Note that the three hasFever entries repeat three times, followed by another repeat of the first two entries to make a total of 11. Each of these is paired with one of the five hasDyspnea entries or one of the six hasTachycardia entries. No data for this patient has been lost, and the result is 11 documents in a flattened format satisfying the logic of the original expression.

Testing the Expression Evaluator

There is a comprehensive test program for the expression evaluator in the file nlp/data/access/expr_tester.py. The test program requires a running instance of MongoDB. We strongly recommend running Mongo on the same machine as the test program to minimize data transfer delays.

The test program loads a data file into MongoDB and evaluates a suite of expressions using the data. The expression logic is separately evaluated with Python set operations. The results from the two evaluations are compared and the tests pass only if both evaluations produce identical sets of patients.

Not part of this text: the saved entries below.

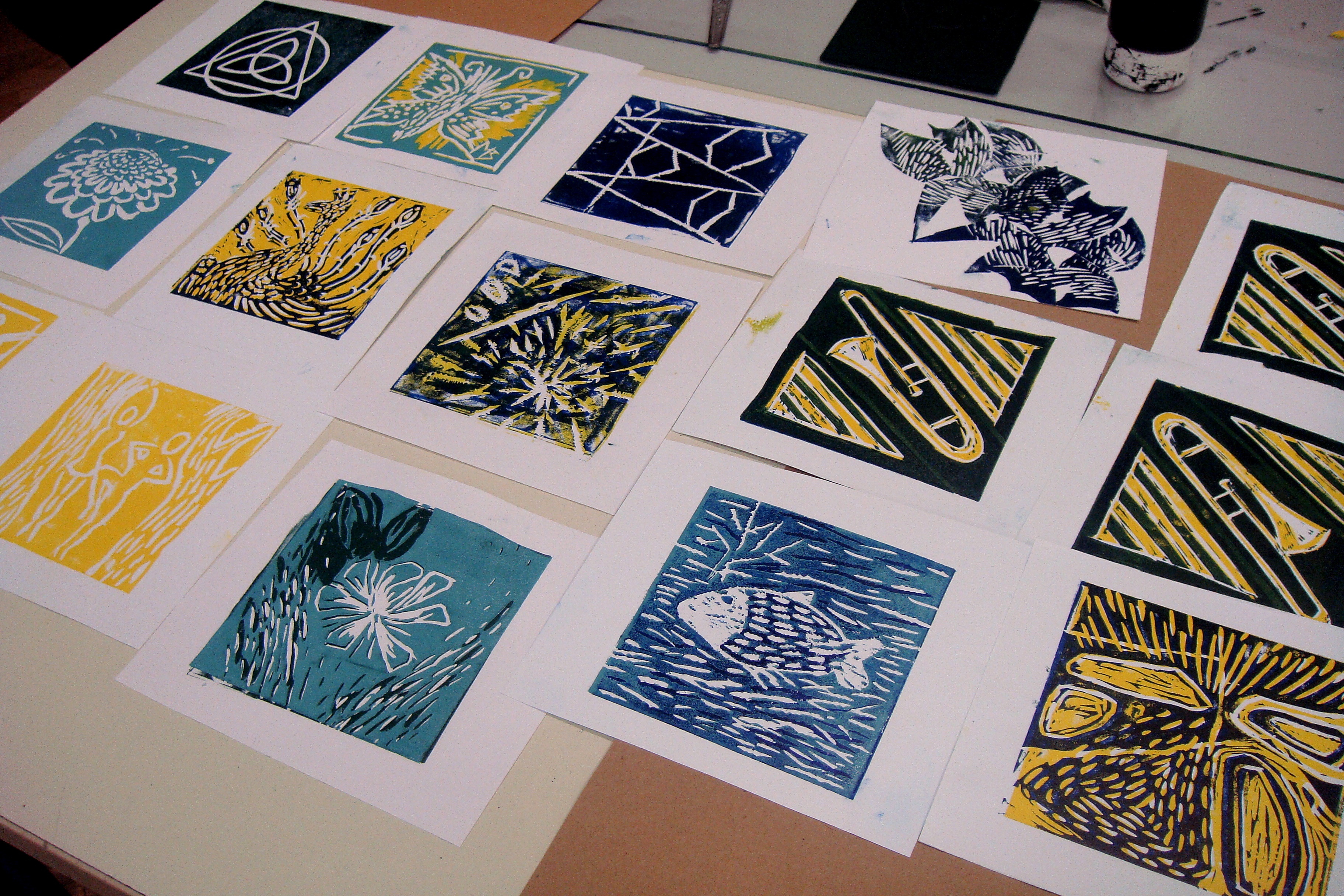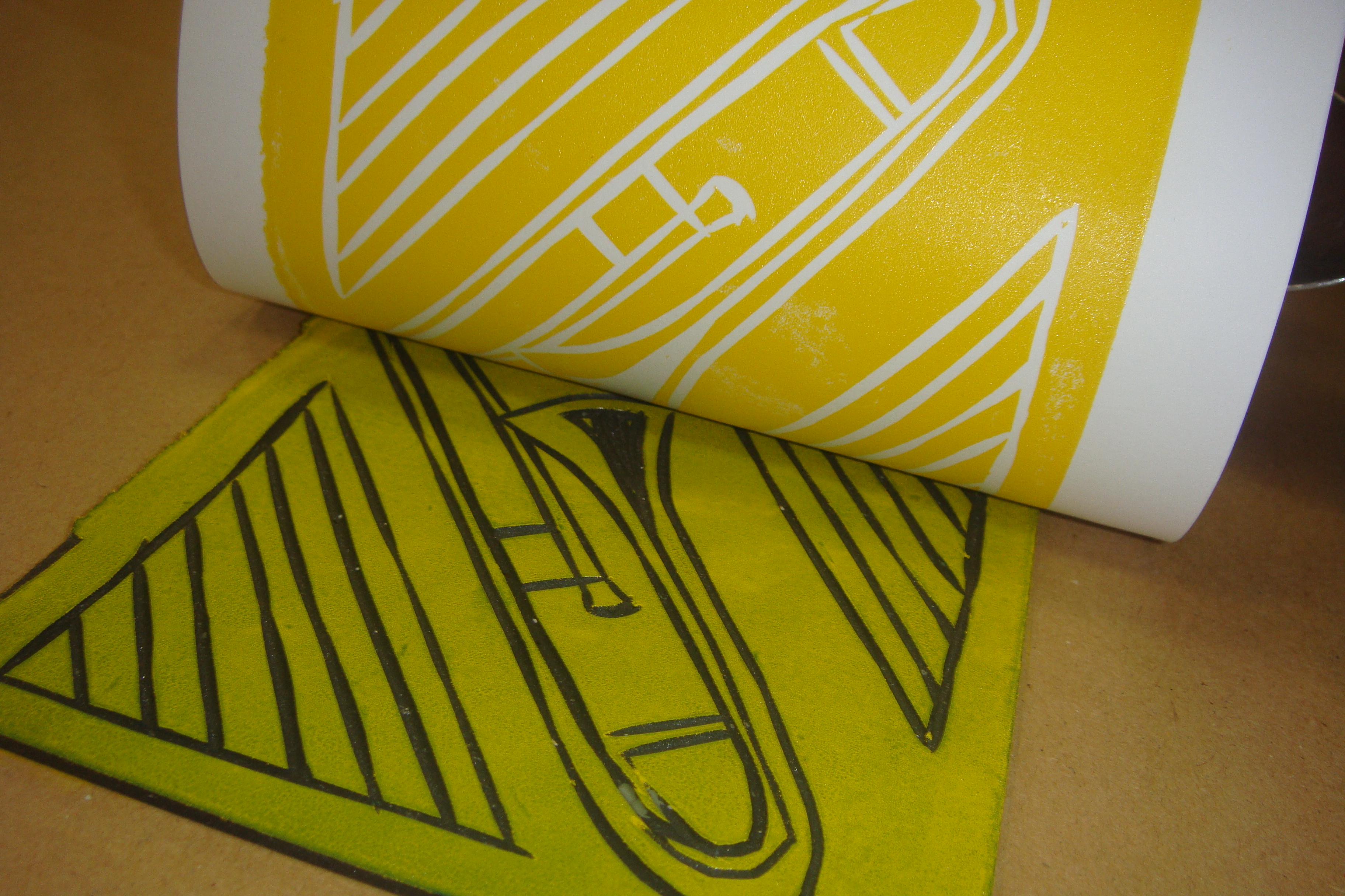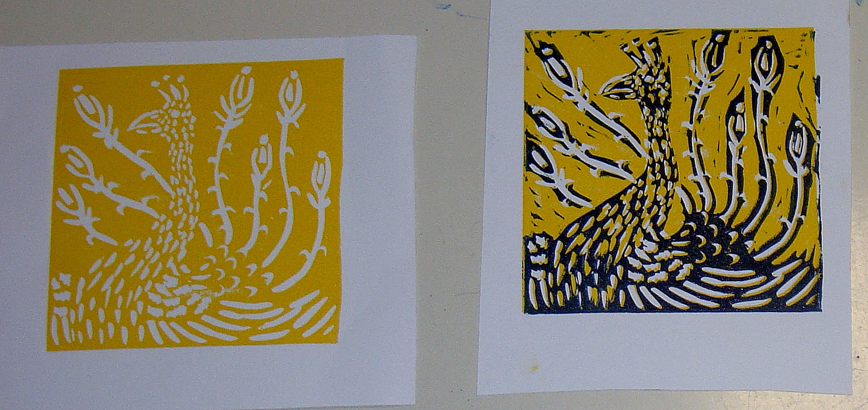 Druga mogućnost dobivanja višebojnosti je otiskivanje na unaprijed obojen papir. U ovom slučaju (zadnja fotografija gore), obojeni papiri su također napravljeni procesom otiskivanja boje sa ploče linoleuma.
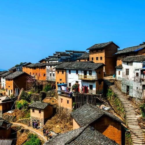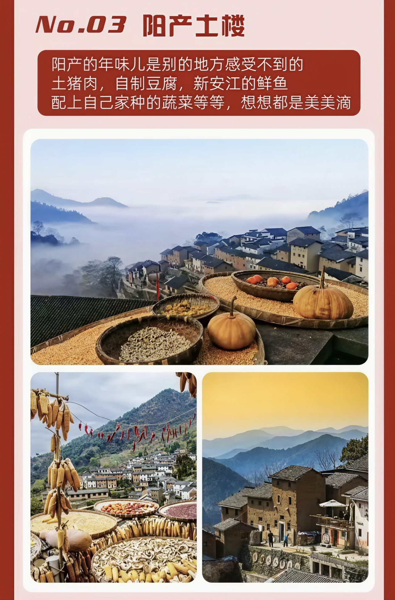 游览两小时后前往【阳产土楼】阳产,位于皖南山区的群山之中,是一个依山而筑的小山寨。这里由于地势高,交通不便,数百年来,山民就地取材,采周边青石铺路架桥,取红壤木材筑巢而居,日出而作,日入而息,渴饮山泉,饿食五谷,多种农作物生长,子孙延续。流年之中,形成了鳞次栉比、错落有致、质朴壮观的土楼群。
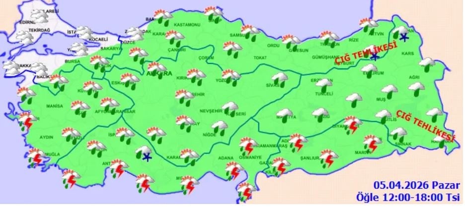 ÇIĞ TEHLİKESİ UYARISI: Doğu Karadeniz’in iç kesimlerinin yüksekleri ile Doğu Anadolu’nun doğusunun yüksek kar örtüsüne sahip eğimli kesimlerinde çığ tehlikesi bulunmaktadır.
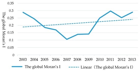 Global spatial autocorrelation analysis is used for determining spatial features of geographic phenomena in the whole study area, whether or not spatial agglomeration exists. Moran’s I index is a measurement index of global spatial autocorrelation []. The value of Moran’s I is within the scope of [−1, 1]. Moran’s I > 0 means positive spatial correlation; Moran’s I < 0 means negative spatial correlation; Moran’s I = 0 means uncorrelated.
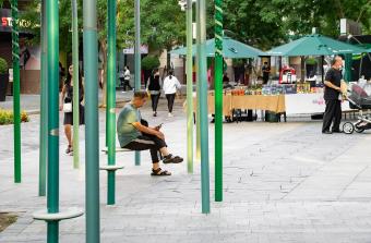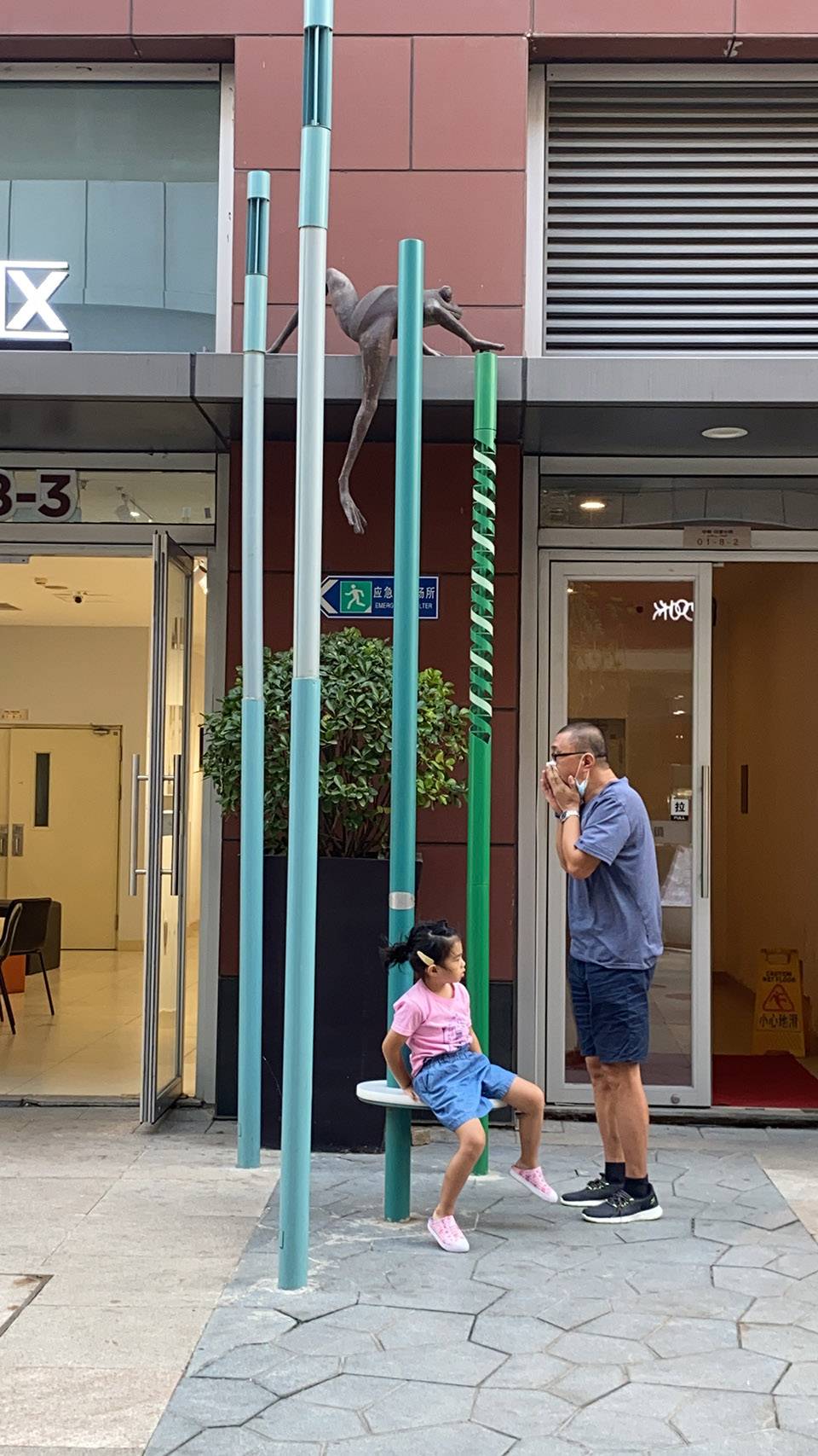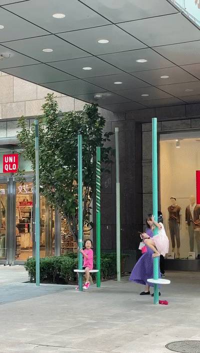 Column A is a free-wheeling seat made of metal with a height of 400mm. It adopts an eccentric design. Bearings are installed between the seat body and the column to make the seat body rotate freely around the center of the column. From the use of perspective, the column offer visitors leisure grounds, and bearing system means more fun and convenience. For tourists who are waiting or shopping, you can take a short break. Those who are familiar with the two seats turn to each other, among the stranger, they can adjust the direction of the seats for themselves, so as to maximize the use of functions and facilitate gathering or discrete use. For children, it is not only a “toy” that can be played, also discover different ways of using it.

The test program can be run from the command line. For usage info, run with the --help option:

python3 ./expr_tester.py --help

The test program assumes that the user has permission create a database without authentication.

To run the test suite with the default options, first launch MongoDB on your local system. Information about how to do that can be found in our native setup guide.

After MongoDB initializes, run the test program with this command, assuming the default Mongo port of 27017:

python3 ./expr_tester.py

If your MongoDB instance is hosted elsewhere or uses a non-default port number, provide the connection parameters explicitly:

python3 ./expr_tester.py --mongohost <ip_address> --mongoport <port_number>

The test program takes several minutes to run. Upon completion it should report that all tests passed.